***** Dataset section
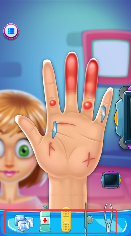 1、进入游戏后,首先需要仔细观察病人的症状表现,根据伤口类型选择正确的医疗工具进行消毒与清理。
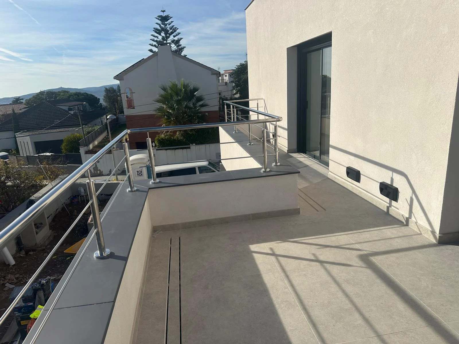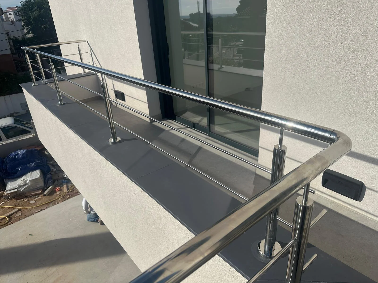 Fabricación e instalación de una moderna barandilla de acero inoxidable pulida en la terraza de la primera planta de una vivienda. El diseño limpio con tubos redondos y anclajes visibles aporta seguridad sin comprometer la estética del entorno. Una solución minimalista pero que aporta carácter y elegancia al diseño exterior de la casa.
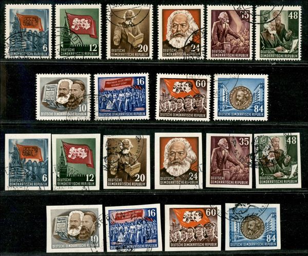 1953 - Karl Marx (386/395 A+B) - emissione completa - dentellati e non - usati - annulli di favore
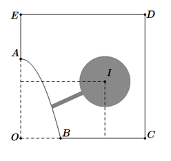 ở giữa ao có một mảnh vườn hình tròn bán kính 10m, người ta muốn bắc một cây cầu từ bờ AB của ao đến vườn. Tính gần đúng độ dài tối thiểu l cây cầu biết:
**********
Pictures aside, reproduce all of the data exactly.

> **Response**
 1、进入游戏后,首先需要仔细观察病人的症状表现,根据伤口类型选择正确的医疗工具进行消毒与清理。
 Fabricación e instalación de una moderna barandilla de acero inoxidable pulida en la terraza de la primera planta de una vivienda. El diseño limpio con tubos redondos y anclajes visibles aporta seguridad sin comprometer la estética del entorno. Una solución minimalista pero que aporta carácter y elegancia al diseño exterior de la casa.
 1953 - Karl Marx (386/395 A+B) - emissione completa - dentellati e non - usati - annulli di favore
 ở giữa ao có một mảnh vườn hình tròn bán kính 10m, người ta muốn bắc một cây cầu từ bờ AB của ao đến vườn. Tính gần đúng độ dài tối thiểu l cây cầu biết:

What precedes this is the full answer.